Liggen de oorzaken van oorlog op individueel niveau/(rationele) keuze individuen of
liggen ze op sociaal niveau. Filosofische vragen gaan over causale ‘wetten’ die gedrag
veroorzaken en of de communities boven de mensen zelf staan.
Azande hekserij: in de Azande stam in Afrika geloofden mensen dat wanneer er iemand
ziek werd/overleed dan was dat de vloek van een heks. Door orakels met magie werd dan
de heks vermoord. Door de onderzoeker werd dit fenomeen in standgehouden doordat
deze mensen nog niet logisch redeneerden, maar het denken werd beheerst door
‘magical thinking’. Door de onderzoeker werd dit niet goed begrepen, maar hoe kun je het
wel goed begrijpen?
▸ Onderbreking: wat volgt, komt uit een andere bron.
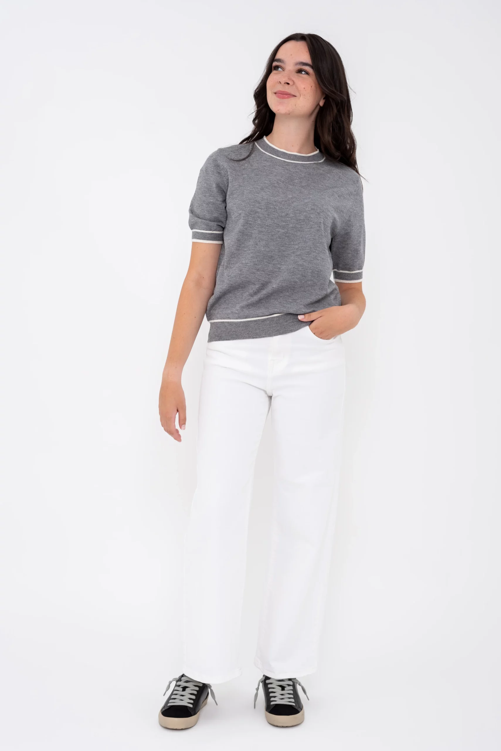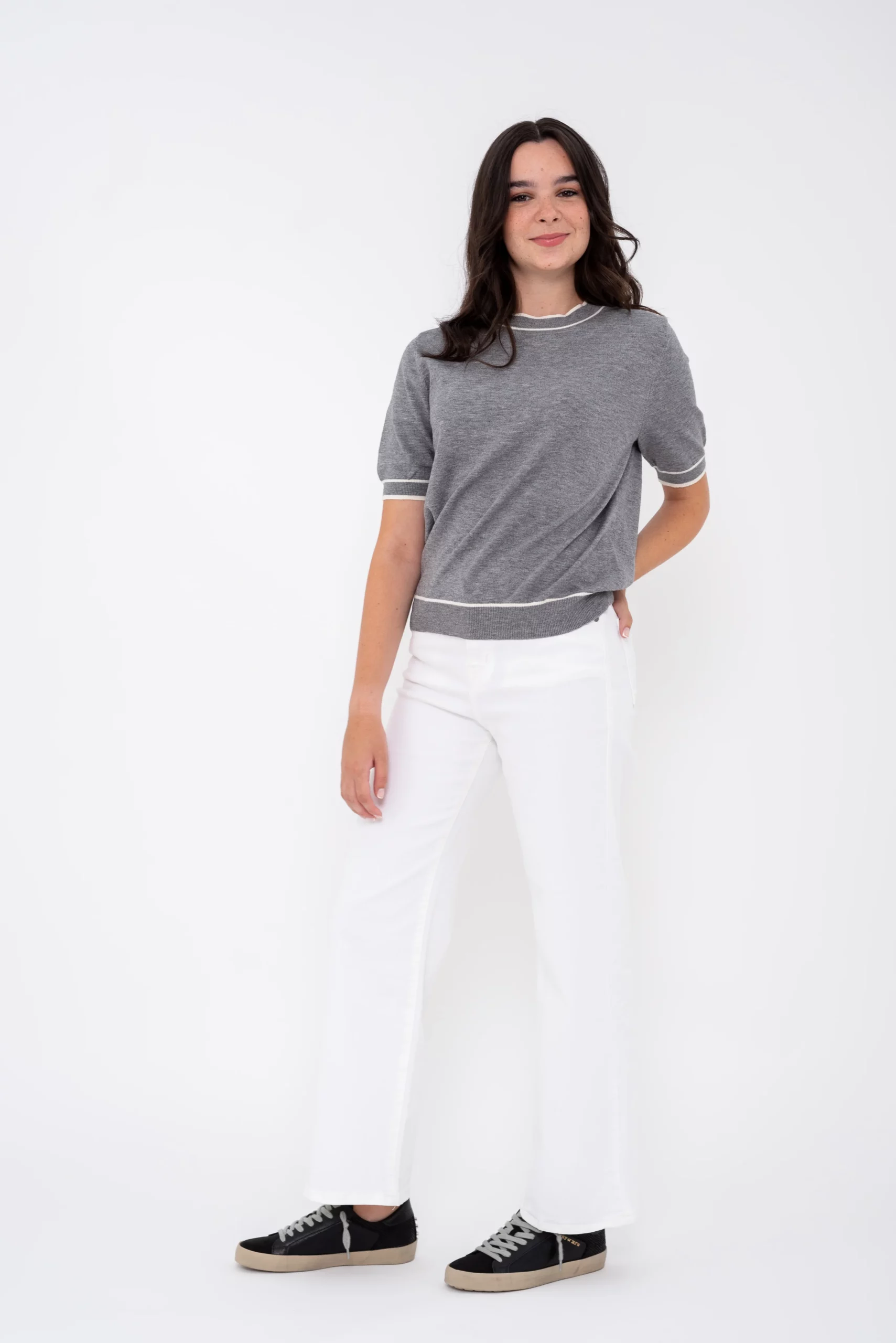 La modelo, Lucia, mide 1.62cm y lleva la XS de este pantalón.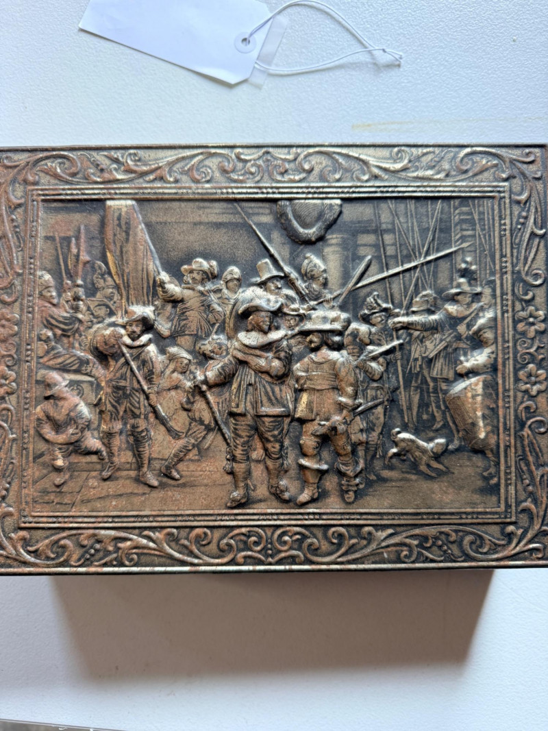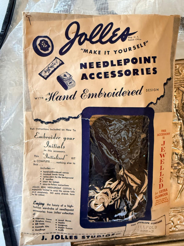 Pre-cut pieces and embroidery thread, scissors, all in a vintage biscuit tin.

Dit leidt tot vragen zoals: kun je begrijpen wat er in iemands
gedachten omgaat?
Freedom riders en free riders: Rosa Parks wilde in de bus haar plek niet opgeven voor een
blank persoon. Doordat meerdere mensen dit deden, veranderde uiteindelijk het systeem.
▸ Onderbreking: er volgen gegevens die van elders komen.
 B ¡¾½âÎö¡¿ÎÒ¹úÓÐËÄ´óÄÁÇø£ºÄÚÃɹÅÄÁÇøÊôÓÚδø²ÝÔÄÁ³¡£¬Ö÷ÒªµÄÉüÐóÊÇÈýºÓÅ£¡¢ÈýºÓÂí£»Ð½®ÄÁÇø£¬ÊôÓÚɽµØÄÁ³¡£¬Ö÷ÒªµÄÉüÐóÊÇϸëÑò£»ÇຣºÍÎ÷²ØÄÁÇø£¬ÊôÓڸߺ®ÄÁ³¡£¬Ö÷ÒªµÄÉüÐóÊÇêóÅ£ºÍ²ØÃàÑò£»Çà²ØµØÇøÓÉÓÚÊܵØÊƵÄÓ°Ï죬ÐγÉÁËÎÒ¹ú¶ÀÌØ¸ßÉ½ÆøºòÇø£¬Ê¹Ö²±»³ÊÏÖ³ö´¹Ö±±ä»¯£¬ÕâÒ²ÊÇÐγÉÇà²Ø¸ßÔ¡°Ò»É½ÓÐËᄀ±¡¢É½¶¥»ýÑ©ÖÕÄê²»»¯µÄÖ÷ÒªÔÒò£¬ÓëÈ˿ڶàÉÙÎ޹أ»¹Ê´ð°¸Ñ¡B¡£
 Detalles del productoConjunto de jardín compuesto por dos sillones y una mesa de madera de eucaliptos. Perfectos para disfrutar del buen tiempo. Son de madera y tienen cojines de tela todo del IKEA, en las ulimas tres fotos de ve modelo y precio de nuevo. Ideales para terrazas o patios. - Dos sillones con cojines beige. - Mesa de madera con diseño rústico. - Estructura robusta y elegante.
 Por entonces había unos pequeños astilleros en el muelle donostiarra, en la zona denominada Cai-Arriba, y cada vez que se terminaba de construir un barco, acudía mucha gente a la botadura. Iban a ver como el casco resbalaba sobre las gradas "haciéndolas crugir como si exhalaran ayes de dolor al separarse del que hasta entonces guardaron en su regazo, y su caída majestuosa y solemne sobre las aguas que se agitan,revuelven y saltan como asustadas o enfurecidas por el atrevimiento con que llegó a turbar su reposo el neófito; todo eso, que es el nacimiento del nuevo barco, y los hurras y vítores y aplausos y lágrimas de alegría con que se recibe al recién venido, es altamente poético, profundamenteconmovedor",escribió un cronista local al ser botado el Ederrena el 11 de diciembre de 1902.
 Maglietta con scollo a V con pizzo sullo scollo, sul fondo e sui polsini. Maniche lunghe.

De rationele keuze voor individuen is om aan de kant te gaan en anderen de ‘kosten’ van
participatie te laten betalen. Je profiteert net zoveel wanneer je niet aan de kant gaat,
maar ook wanneer je dat wel doet. Wanneer iedereen aan de kant gaat voor witte mensen,
dan komt er ook nooit verandering. Er wordt vanuit gegaan dat mensen de beste keuze
maken in eigenbelang. De vraag daarbij is waarom mensen kiezen voor de groep,
wanneer dit voor henzelf niet de beste keuze is?
Sociale wetenschappen van nu kunnen filosofische vragen zoals bovenstaande
beantwoorden door uitgebreide empirische kennis. Het gaat niet over de vraag wat
wel/niet wetenschap is, maar het gaat over alle empirisch onderzoek naar ‘human beings’.
3
, 1.2 Een rondleiding in de filosofische buurt
- Value theory: gaat over de oorsprong en rechtvaardiging van normen, waarden en
regels, wat maakt een handeling goed/moreel?
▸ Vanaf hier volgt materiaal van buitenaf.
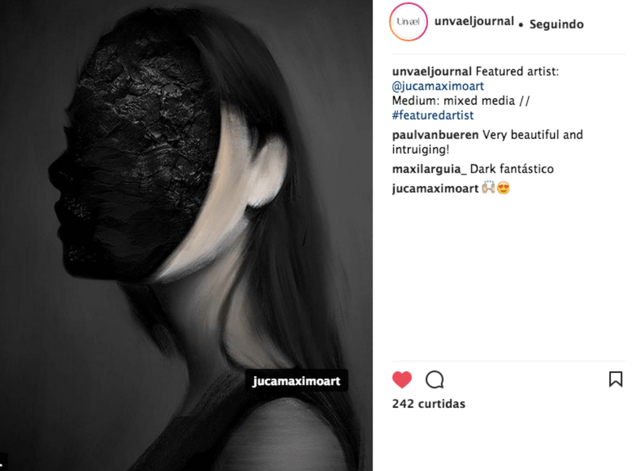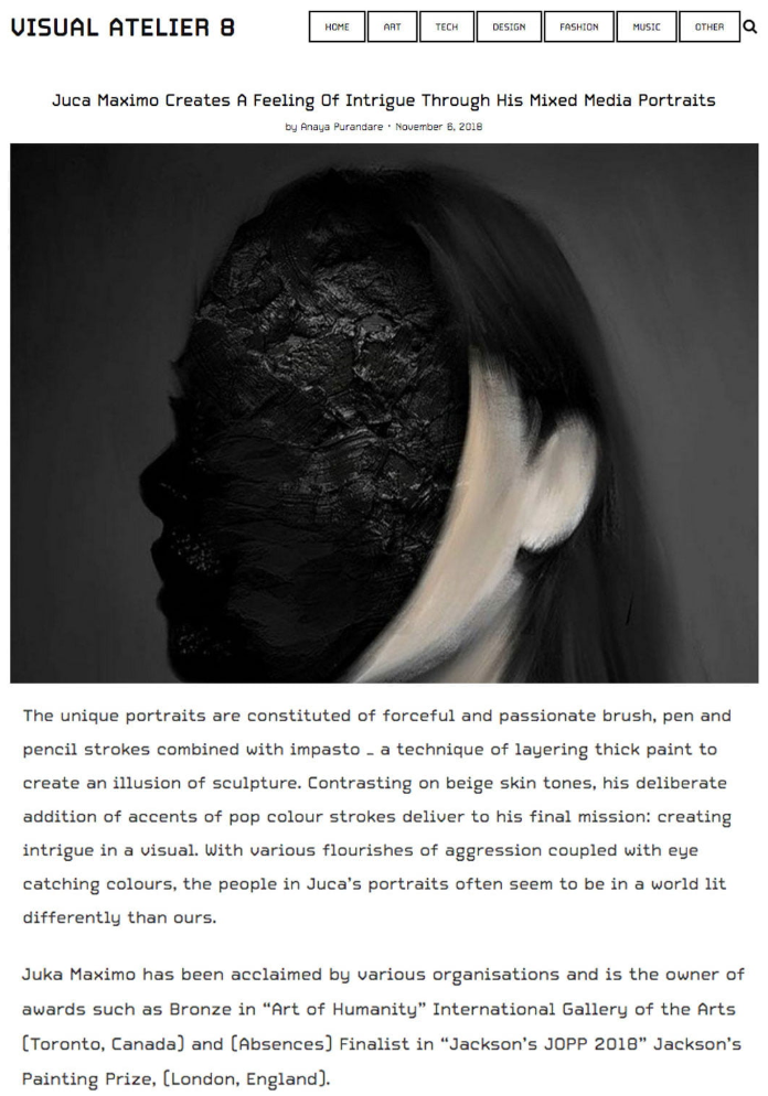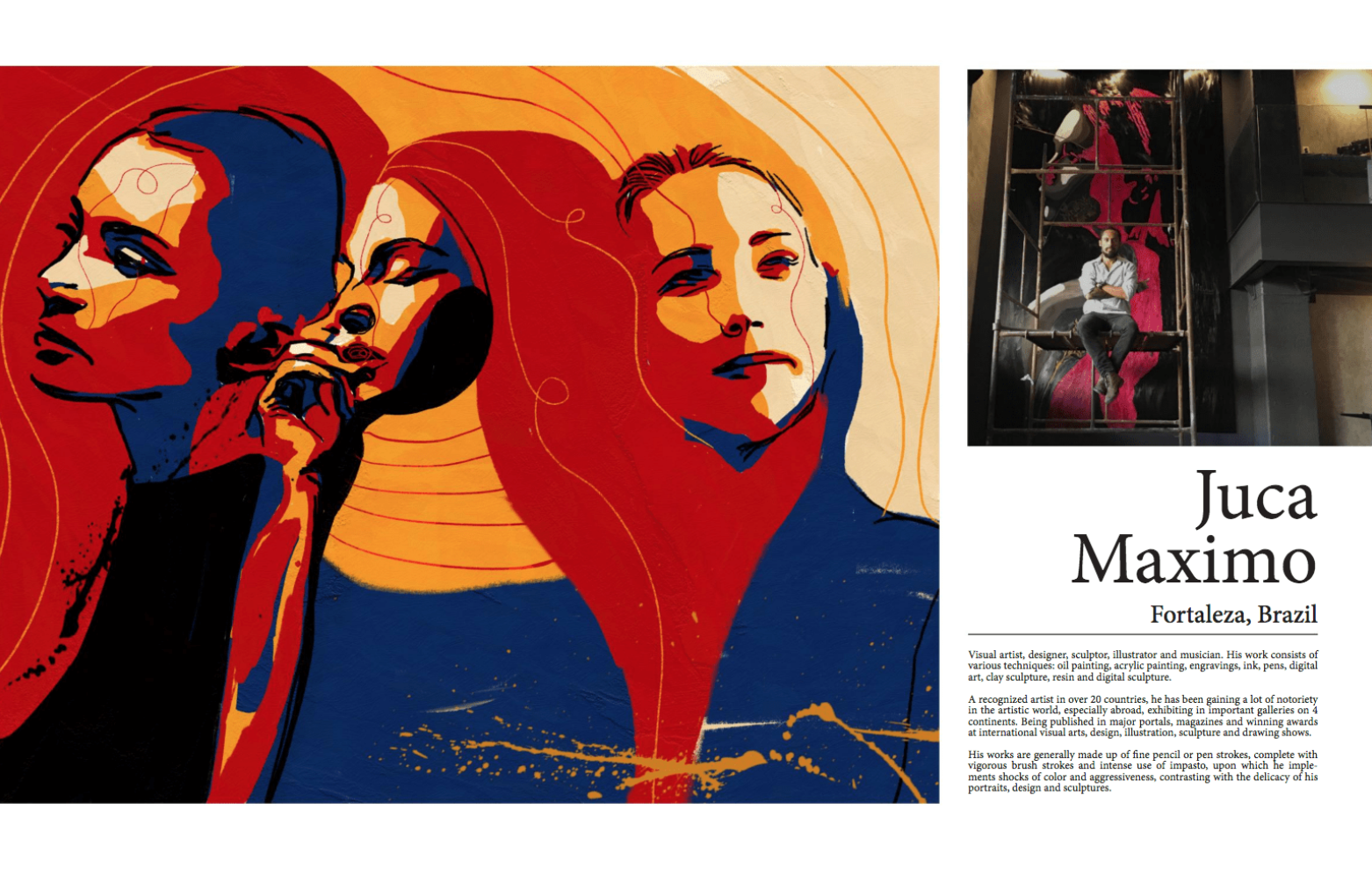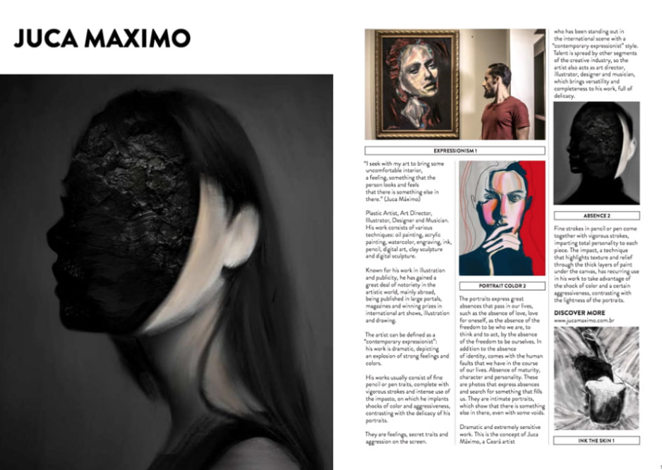 “Eu busco com minha arte trazer algum incomodo interior, um sentimento, algo que a pessoa olhe e sinta que tem algo a mais ali dentro.” (Juca Máximo)Artista Visual contemporâneo, designer, escultor, ilustrador e músico brasileiro. Considerado um dos artistas emergentes mais importantes da América do Sul pela Saatchiart, foi eleito o terceiro melhor ilustrador em 2018 pela revista Luerzer Archive, destaque no Portal Internacional Ello e premiado em vários países.

- Epistemologie: wat ‘maakt’ kennis en wat rechtvaardigt kennis?
- Metafysica: dit gaat over fundamentele kenmerken van de wereld; wat zijn
oorzaken? Zijn mensen vrij? Wat is rationeel?
Normativiteit
Dit gaat over normen en waarden. Onderzoekers binnen sociale wetenschappen moeten
voor onderzoek bepaalde begrippen concretiseren, maar dit kan niet waardevrij omdat zij
zelf ook deel zijn van de samenleving die ze onderzoeken. We moeten ons bewust zijn dat
onderzoek niet waardevrij is (en kan/hoeft te zijn).
Onderzoek is er vaak op gericht om ‘iets’ te verbeteren, bv. criminaliteit verminderen,
participatie bevorderen (=samenleving beter maken). Hierbij is ‘waardevrijheid’ lastig te
realiseren.
Normen en waarden worden ook gezien als beweegreden van menselijk gedrag/
gebeurtenissen in de samenleving en zijn daarom onderdeel van theorieën.
Naturalisme
Belangrijke vraag is of en hoe de sociale wetenschappen verschillen van
natuurwetenschappen. Naturalisten; sociale wetenschappen zijn in belangrijke manier
gelijk aan de natuurwetenschappen. Ontologen; sociale wetenschappen hebben eigen
onderzoeksmethoden nodig en zijn echt anders.
Epistemologisch naturalisme: vraagstukken over theorie, verklaring en methode,
kwalitatief en kwantitatief onderzoek. Epistemologisch anti-naturalisme; er is een duidelijk
onderscheid tussen kwalitatief en kwantitatief onderzoek
Metaphysical naturalisme: mensen zijn onderdeel van de ‘natuurlijke’ wereld, mensen
kunnen daarom worden begrepen als andere mechanismen in de natuur. Metaphysical
anti-naturalisme; mensen en menselijke samenlevingen zijn onderscheidbaar van ‘natuur’,
hoe kunnen specifieke menselijke eigenschappen worden verklaard?
Filosofische vragen: zijn er andere methodes en manieren van theorievorming nodig dan
in de natuurwetenschappen? Kan menselijk gedrag causaal worden verklaard? En zijn er
wetten in de sociale wereld (en verklaren deze menselijk gedrag)?
Reductionisme
Wetenschappen als hiërarchie: natuurkunde → scheikunde → biologie → psychologie →
sociale wetenschappen. Vraag binnen reductionisme: is het mogelijk om sociale
wetenschappen te ‘reduceren’ tot natuurkunde?
- Epistemologisch reductionisme: theorieën op een bepaald niveau kunnen
gereduceerd worden tot een niveau lager, bv. sociologie → psychologie.